4. The series was difficult to follow linearly
Episodes included flashbacks to previous seasons as well as previous episodes in season 4, often with Ron Howard’s narration overlapping with the characters’ dialogue. Often, a new piece of information would be revealed about a particular scene when it was replayed from a different character’s perspective. While this layered approach was enjoyable at times, other times it felt overly convoluted, and gave the impression that the series consisted primarily of the same few scenes played out over and over again from different points of view. I’m looking forward to re-watching season 4 and unpacking the various clues and foreshadowing provided in earlier episodes, a technique at which creator Mitch Hurwitz excels.
5. The characters are back in full force
Even when relationships among the characters felt incongruous based on previous seasons, this rarely detracted from the terrific performances of the cast. Buster and Gob have always been two of my favorite characters, and Tony Hale and Will Arnett did not disappoint in their roles.

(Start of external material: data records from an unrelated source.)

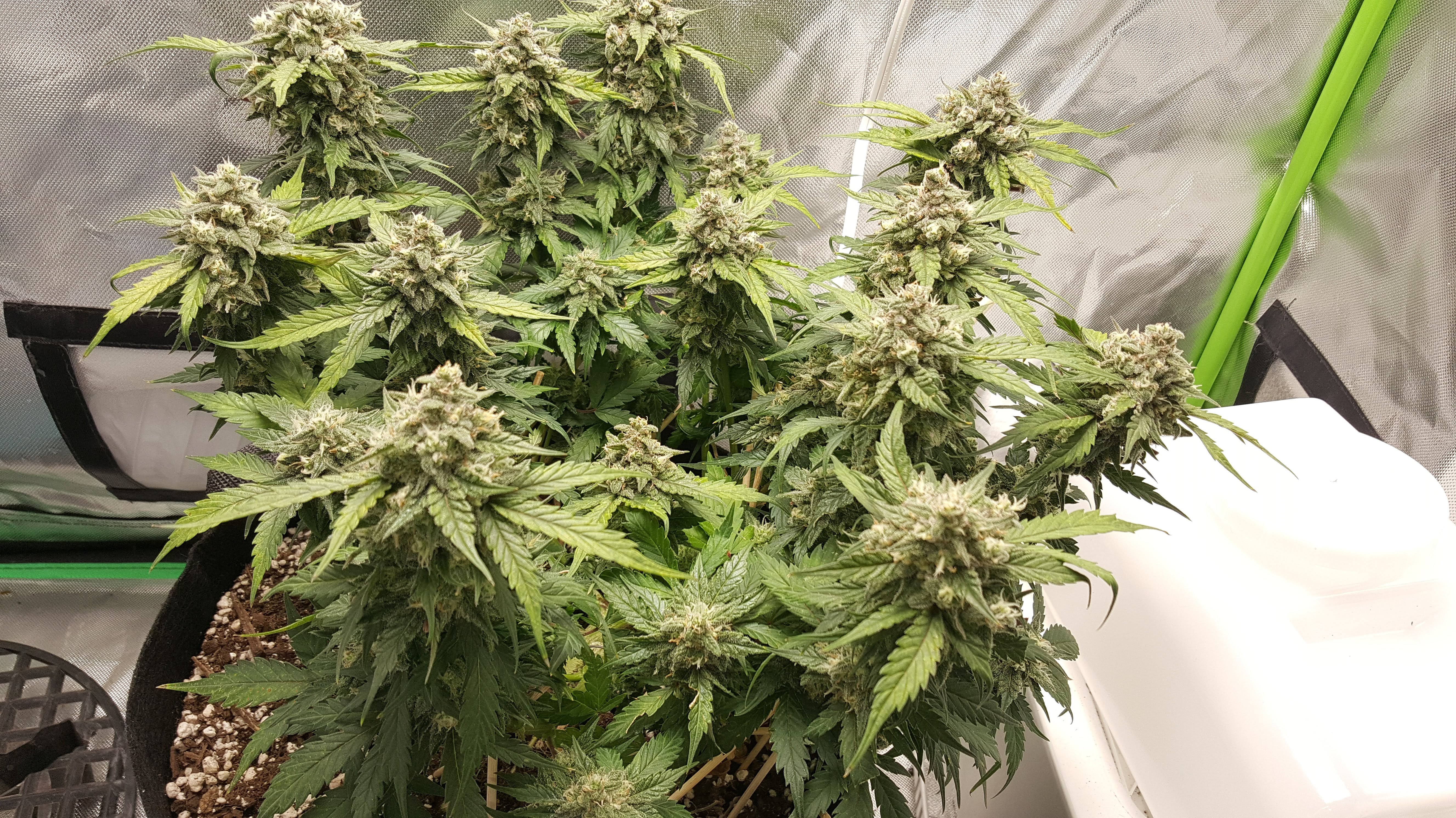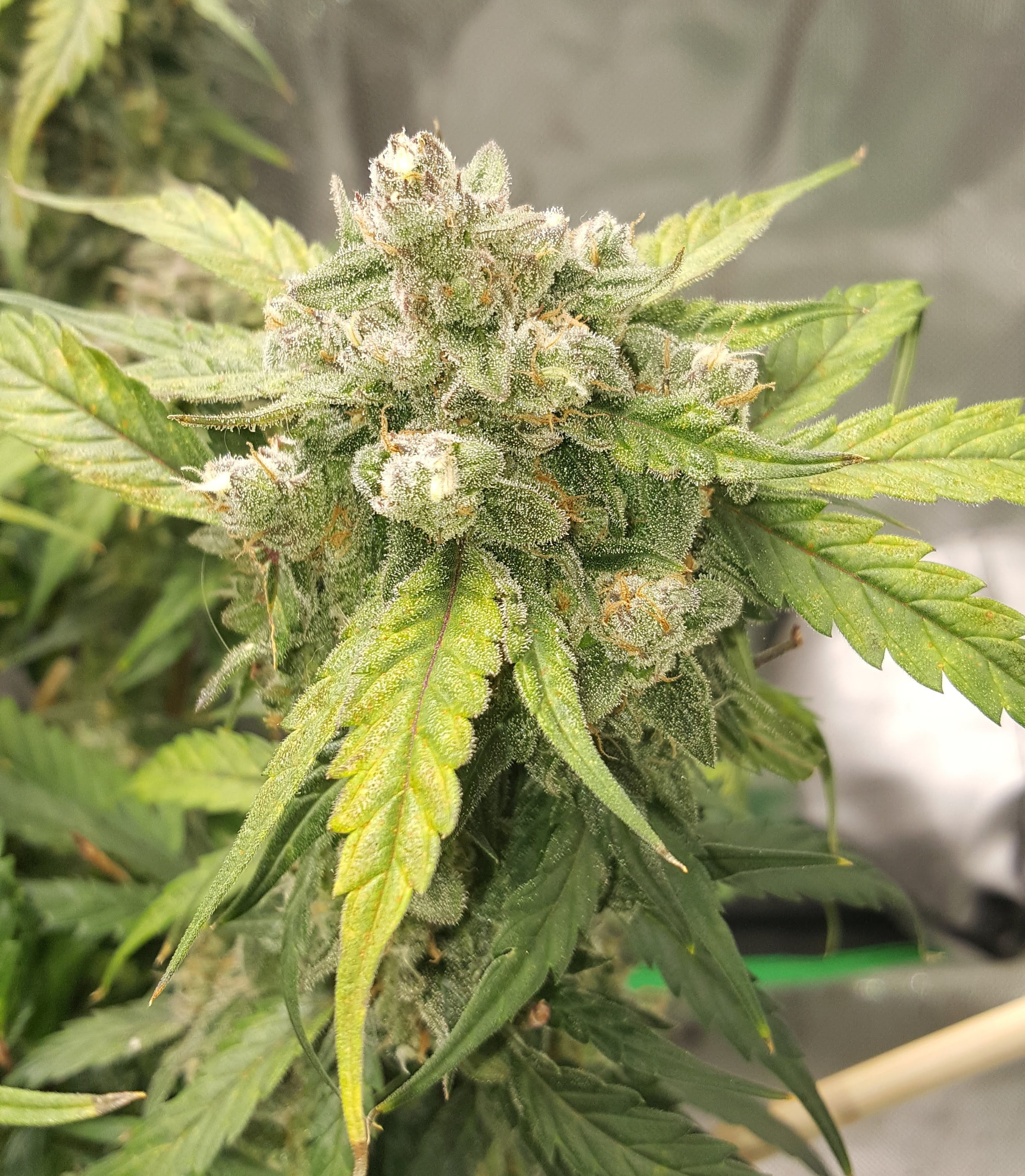 Day 73 - I guess this is as tall as it gets. 11.5 inches. Including trivet, 5 gal bag, 18" to the light and add on the light thickness then the total stack height is 44 inches... Although I have more space I think this grow would have worked on a 2x2x4' tent. Most of the pistals are golden but the trichomes are still many clear with none brown that I can see. There are a few white pistals at various heights so I don't think it's fox-tailing too much. (Please tell me if I'm wrong!) For me this is first grow where I've have green or greenish leaves at the end though there's still some time to go so good job Gizmo!
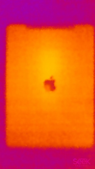 Ниже приведен теплоснимок задней поверхности, полученный после 10 минут работы теста аккумулятора в программе GFXBenchmark:
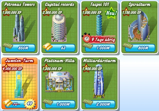 In der Zwischenzeit kannst Du emsig Spielgeld-Dollar sammeln und zum Listenpreis von 2 Billionen (2.000.000.000) ab Level 145 Milliardärstürme kaufen (Baufläche 2×3, 120 Einwohner).
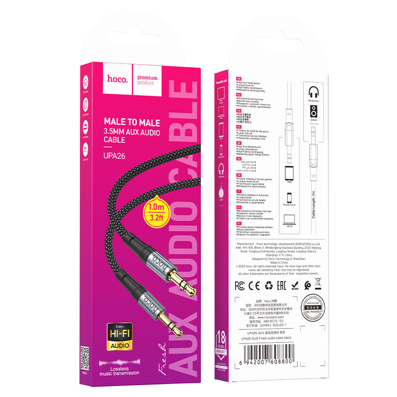 UPA26 Fresh, AUX audio cable 3.5mm male to 3.5mm male, Hi-Fi lossless transmission, long lifespan, nylon braid and zinc alloy connectors
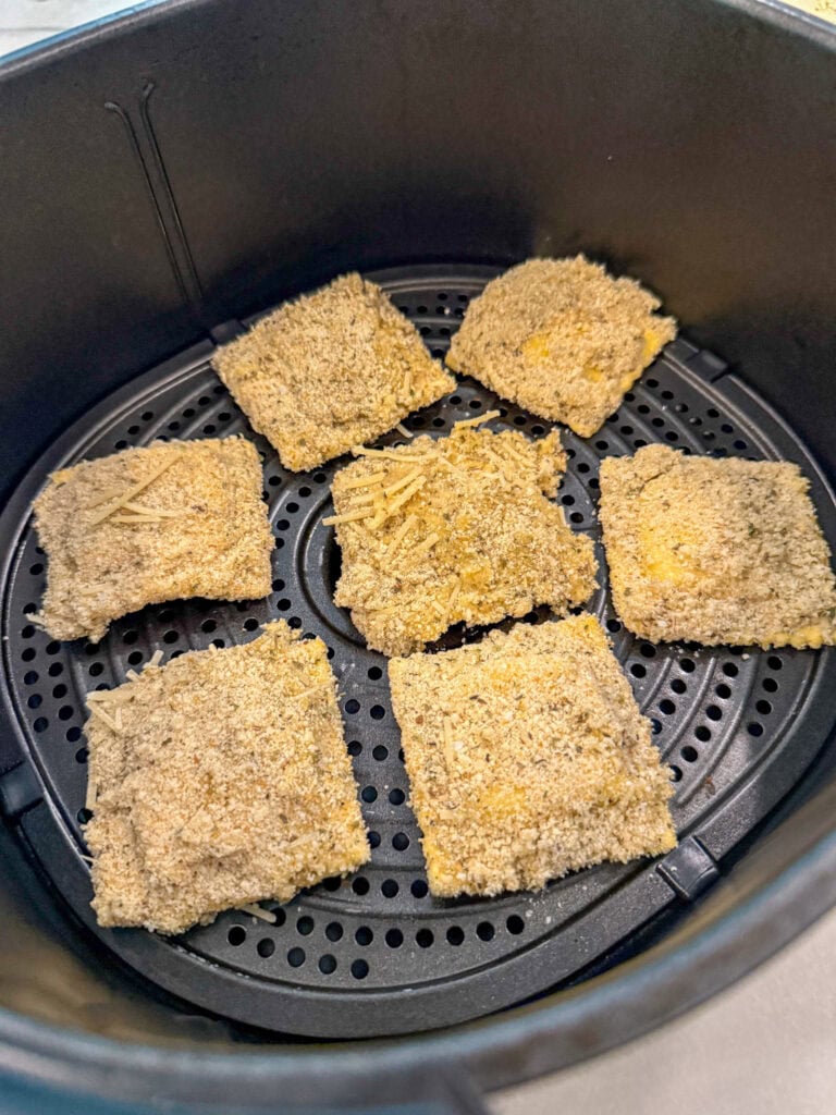 Reheat instructions: Place cold ravioli back in the air fryer at 375 °F for 2–4 minutes, until warm and crispy. If frozen, add another 1-2 minutes to cook time.
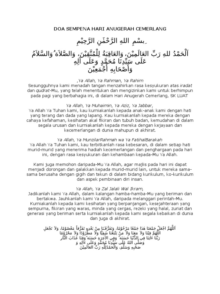 Doa Sempena Hari Anugerah Kecemerlangan Documents
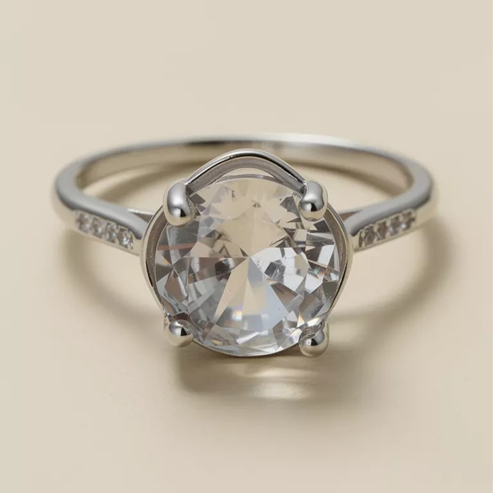 The Design Narrative Unlike traditional solitaires, this piece features a uniquely sculpted setting. The fluid silver frame curves around the center stone, creating a modern silhouette that feels both bold and feminine. The band is enhanced with subtle CZ accents embedded within the shoulders, adding a layer of sophisticated texture and depth.
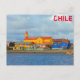 Vista da cidade de Ģlin, Província de Llanquihue, Chile, do Rio Maulavi. Inclui a igreja Parroquia Nuestra Señora del Rosario.
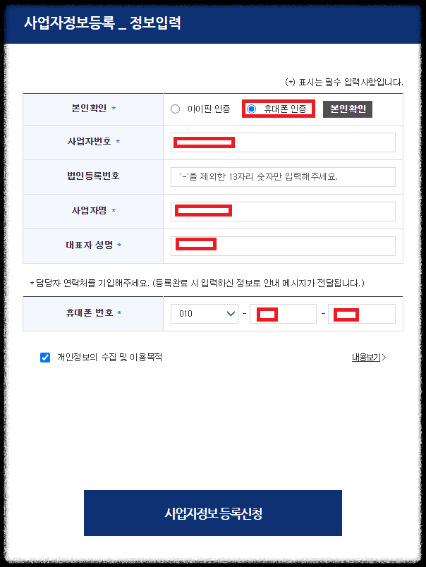 본인인증을 진행해주시고 각각의 정보를 입력한 후 "사업자정보등록신청" 을 클릭해주세요
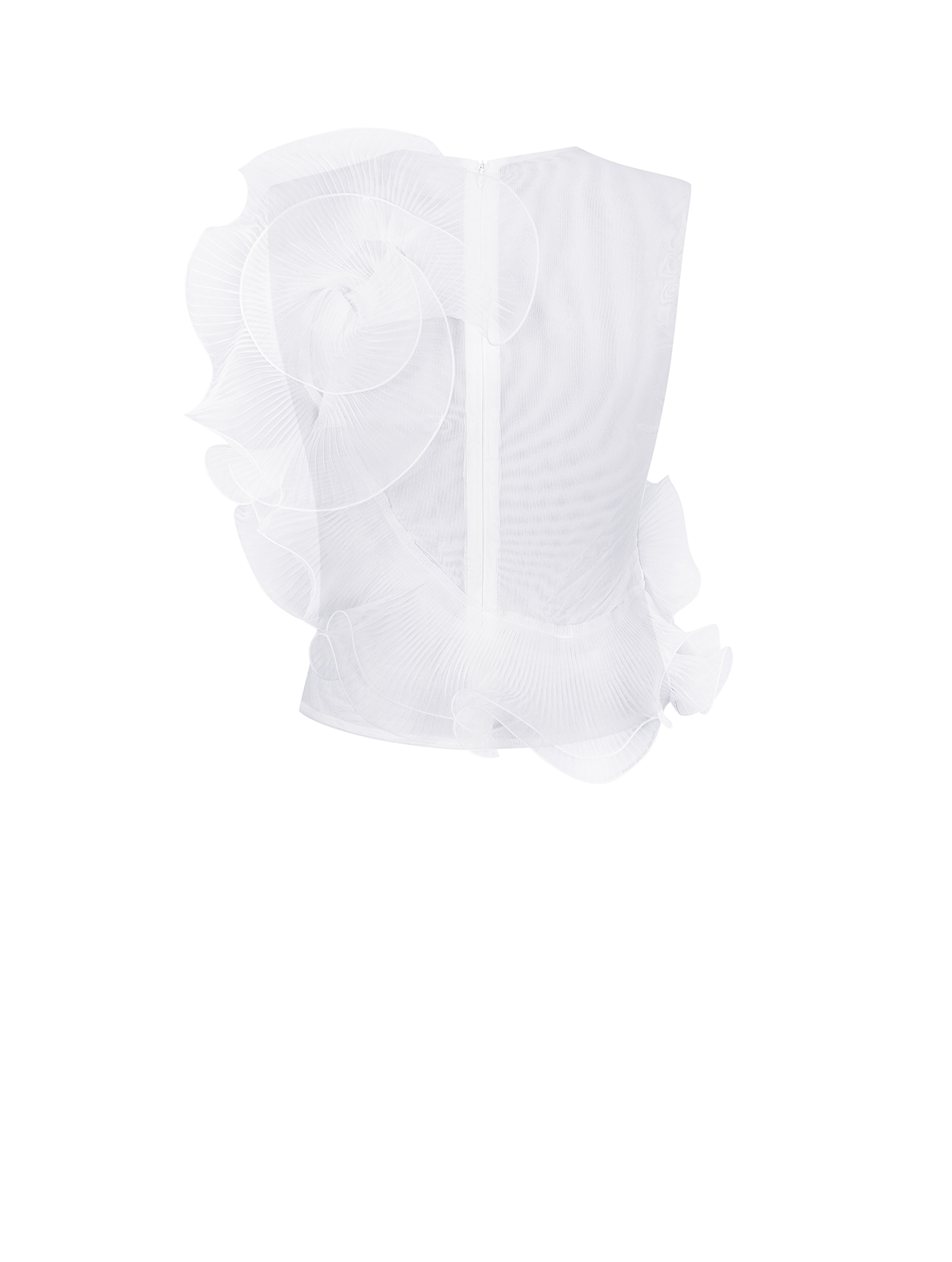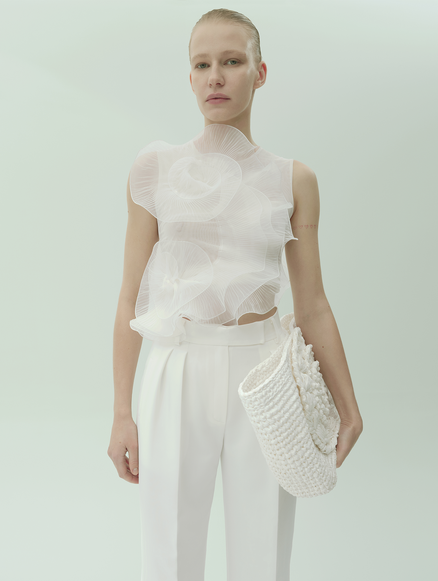 Cropped top crafted from delicate white organza on a nylon base with elastane. Embellished with sheer floral appliqués and refined pleated detailing, balancing transparency with structure. Model wears size 36.
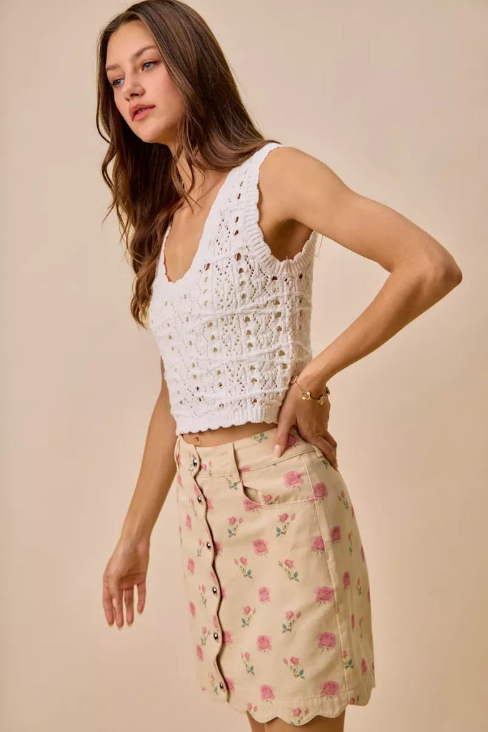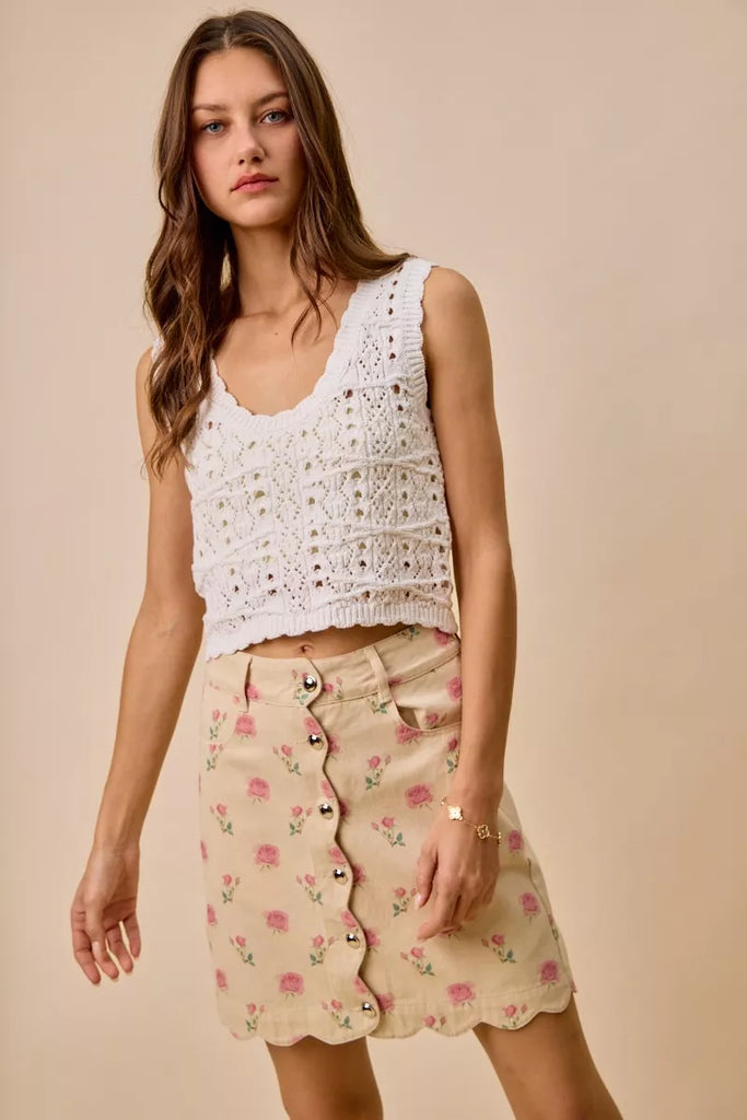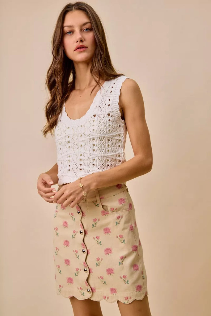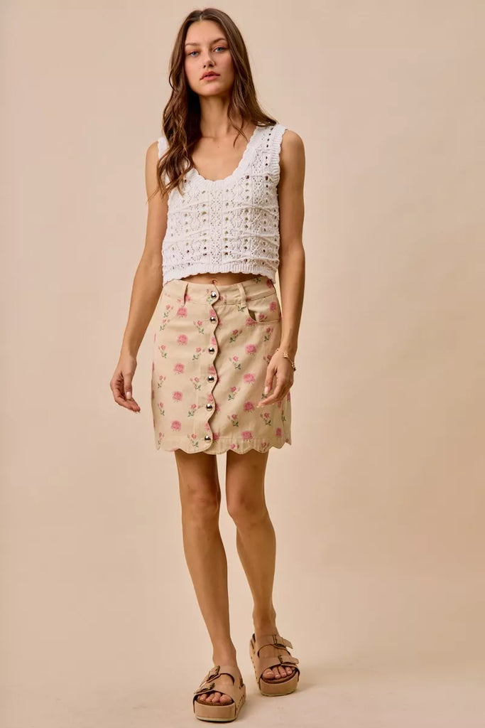 SO ME Floral Rose Print Cotton Twill Scallop Mini Skirt
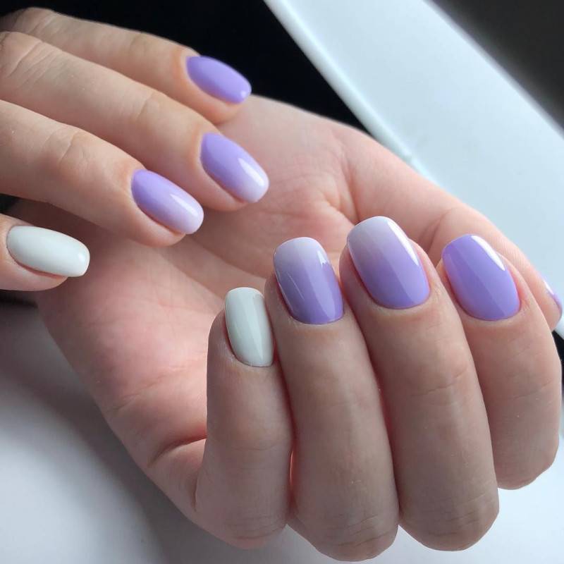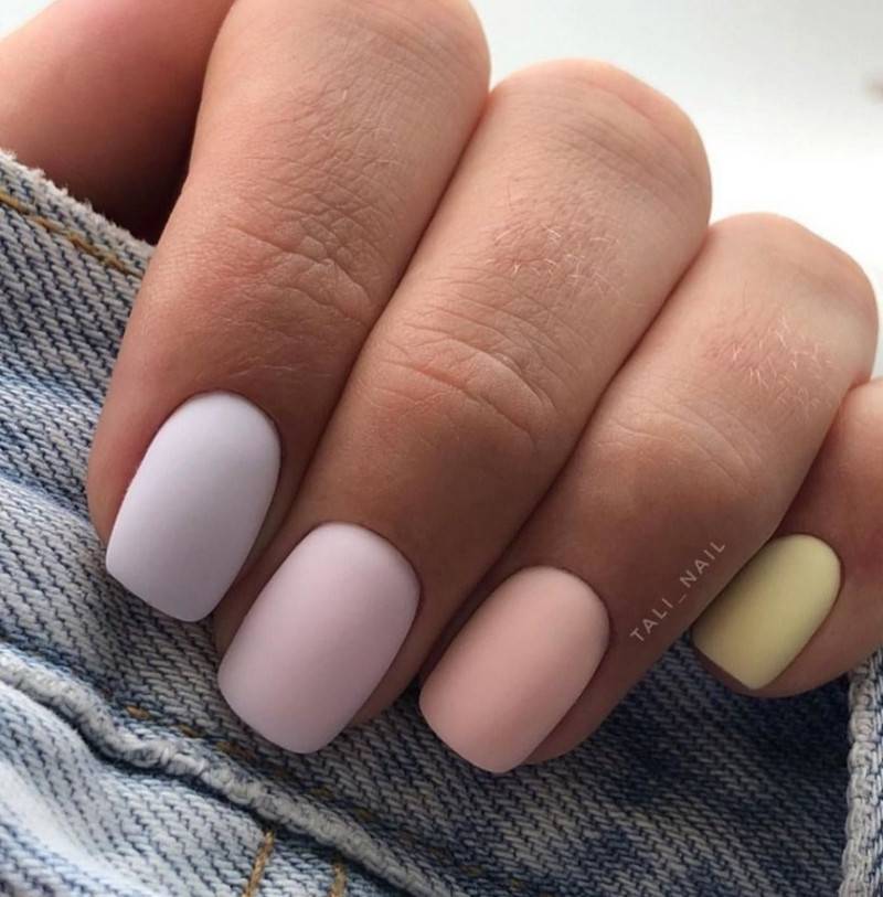 Последние два ногтя будут окрашены в нежный пастельный цвет, отличающийся от базы только белым подтоном.
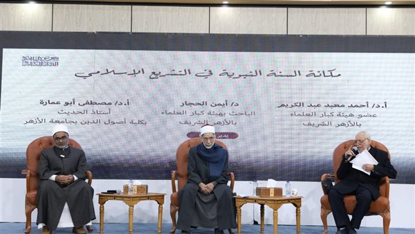 نظّم جناح الأزهر الشريف بمعرض القاهرة الدولي للكتاب ندوةً علمية بعنوان «مكانة السنة النبوية في التشريع الإسلامي»، اليوم الجمعة، بحضور الدكتور أحمد معبد عبد الكريم، عضو هيئة كبار العلماء بالأزهر الشريف، والدكتور مصطفى أبو عمارة، أستاذ الحديث بكلية أصول الدين جامعة الأزهر، وأدارها والدكتور أيمن الحجار، الباحث بهيئة كبار العلماء.

Jessica Walter’s performance as Lucille in the rehearsal for the Fantastic Four musical was pretty fantastic, though not to be overshadowed by Buster’s dance during his time spent in the security office.
A final observation? I haven’t found a better comedy on TV (or Netflix), so if you haven’t hopped on the Bluth bandwagon yet, it’s high time. Let’s hope someone secures all those movie rights, because it would be a shame if this was the last we saw of Arrested Development.